Some folks noted that they would go further on a few fronts, which shows me that the staff recommendations are reasonable, cautious, even a little conservative.  A few of those points:
  • Hoop houses.  Staff have recommended that hoop houses (structures meant to extend the growing season) not be counted in the total square footage that each lot can have in "accessory structures," because they are seen as temporary.  The building code's definition of temporary structures is that they should be up less than six months, so staff adopted the same standard for this exemption.  Some urban farmers rightly point out that the period during which Minneapolis is at risk for frost is more like eight months, and have asked for this time to be lengthened.
  • Selling from home.  Until now, people haven't been able to farm in their own backyards and sell the produce.  The staff recommendation changes that, but keeps the prohibition that exists for all home occupations on selling goods directly from the site.  Some urban farm advocates would like to see that prohibition lifted.
  • Chickens in Urban Farms and Market Gardens.  The staff recommendation does not allow chickens at commercial uses.  There was actually substantial agreement at the public hearing between urban farmers and those who are concerned for animal welfare: the City needs to improve the welfare standards in our Animal code before we can consider allowing chickens in commercial uses as well as backyards.  I look forward to working on that.

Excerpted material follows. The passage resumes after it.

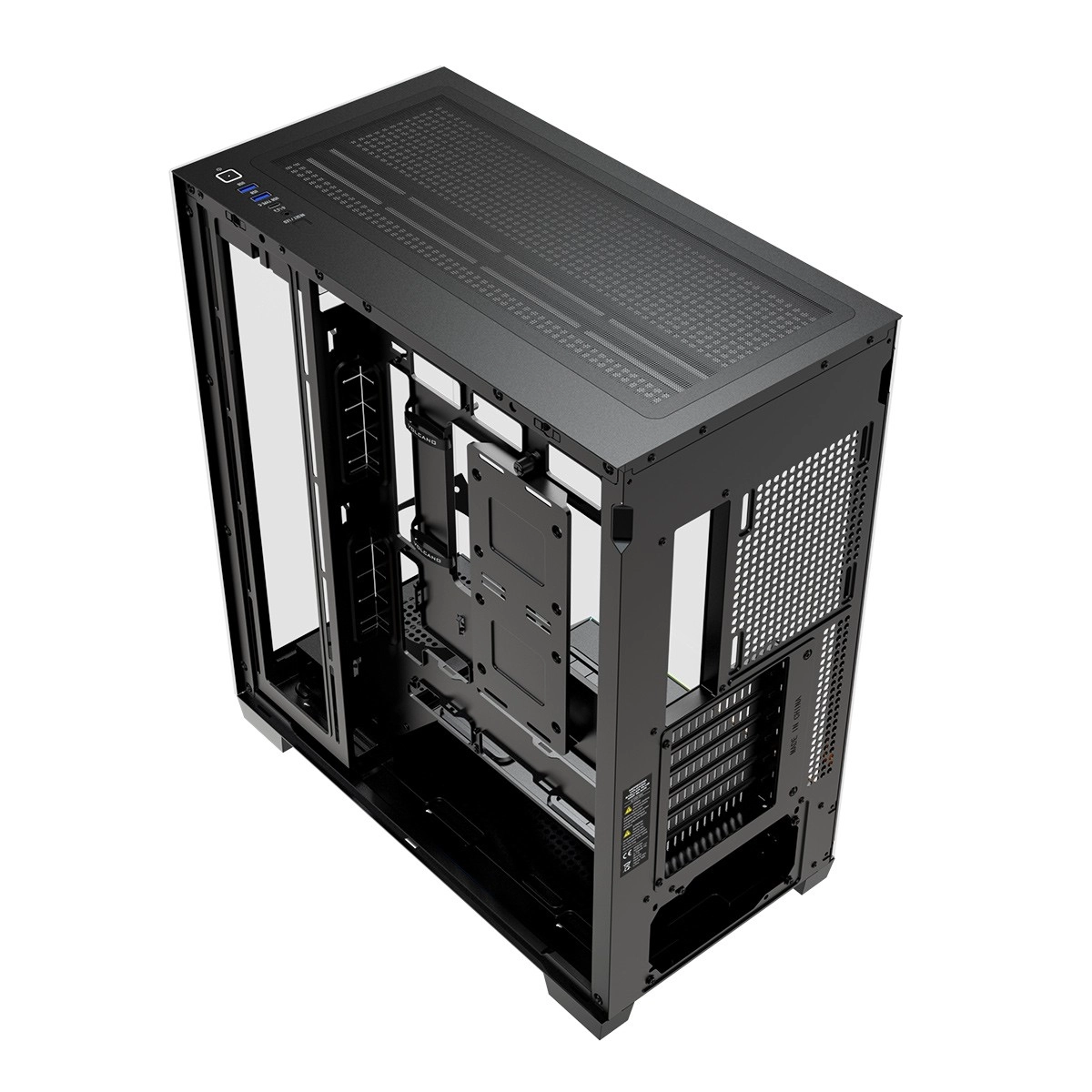 Szkielet wspiera radiatory 360 mm u góry i z boku oraz 120 mm z tyłu, wysokie wieżowe chłodzenia CPU do 175 mm i karty graficzne do 420 mm z możliwością pionowego montażu. Górny panel I/O oferuje USB‑C, 2× USB 3.0 oraz combo audio. Trzy filtry przeciwkurzowe (dolny wysuwany, górny i boczny magnetyczne) upraszczają konserwację i utrzymują wnętrze w czystości.

  • Compost.  There are recommendations in the Urban Ag Policy Plan that aren't included in these text amendments, mostly because the City must wait until the Pollution Control Agency revises its rules - a process that is currently underway. 
  • The 75-day limit for Farmers Markets.  One organization, that is not currently licensed as any type of public market, has asked that the number of days a farmers market can be open for business be raised from 75 to 180.  That limit has been on the books for years, and staff do not support raising it.  Other farmers markets - including representatives of the Mill City, Kingfield and Fulton markets - argued that the 75-day limit should be left in place.  They make a strong case that the essential relationship between the producer and consumer could be threatened by lifting the limit.  They also pointed out that no farmers market advocates have asked, in the Urban Ag Policy Plan process or the recent farmers market code update, for this limitation to be lifted.

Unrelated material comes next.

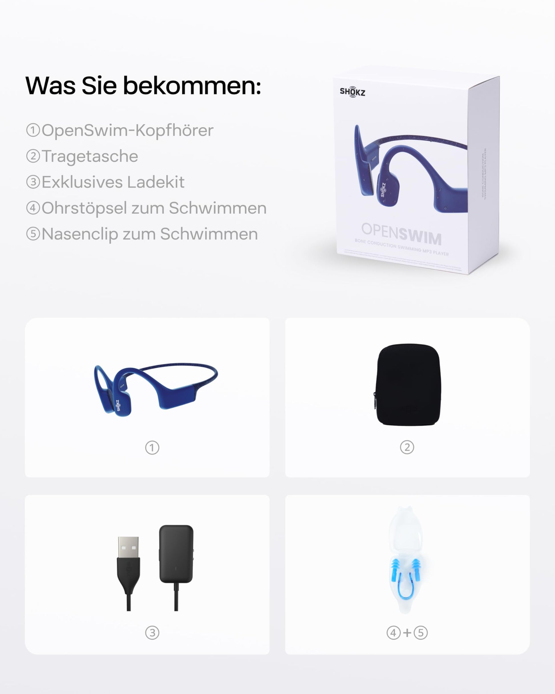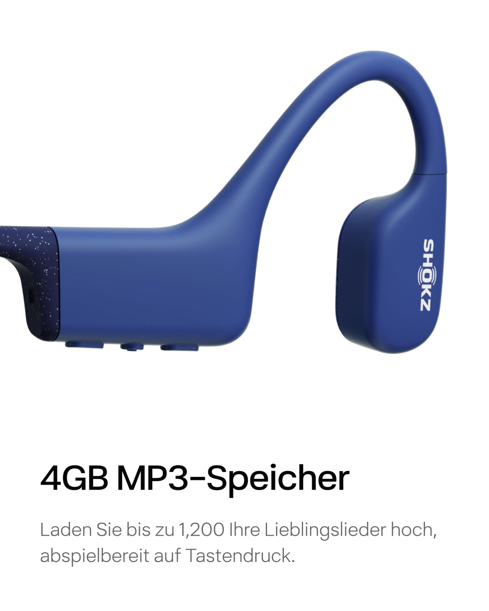 - Integrierter MP3-Player: Mit 4 GB internem Speicher bietet der OpenSwim Platz für bis zu 1200 Songs und funktioniert komplett ohne Bluetooth-Verbindung.

All in all, I see these as relatively minor disagreements with the staff recommendation, and the first four are things that we can come back and fix after we've had a growing season or two to prove that urban agriculture uses fit well into the urban fabric and complement existing uses.

I want to commend Aly Pennucci, the lead staff on this from the Planning Division, for her fantastic work on these changes.  She did an incredible amount of work in less time than we often give for major Zoning Code revisions like this, and the strong community support and unanimous approval of the Planning Commission shows that she did it well.  These amendments are a win for everyone, but especially Aly.  Well done!

One last note.  Council Member Gary Schiff noted, in abstaining from the unanimous vote in favor of the staff recommendation, that I have pushed this back a cycle.  That is accurate; rather than bringing it forward at the February 16th Zoning and Planning committee meeting, I have asked to bring it to committee on March 1st.  However, he added that the reason for this delay is to give time for "more consideration for amendments."  That's not accurate, and perhaps even misleading.  It sounds like it caused considerable confusion to the urban agriculture supporters who were present.

I asked for this delay as a courtesy to my colleague Meg Tuthill, who won't be able to be there on the 16th and wants to be present for the discussion.  I am not working on any amendments.  I am thrilled at how well Planning staff have translated the Urban Ag Policy Plan into Zoning Code text amendments, and I will happily and strongly support those recommendations as put forward and as passed unanimously by the Planning Commission.  I am also unaware that any of my colleagues are working on amendments; if they are, I hope that they will be shared with the community soon, so that the many people who care deeply about this issue can review them and respond, if necessary.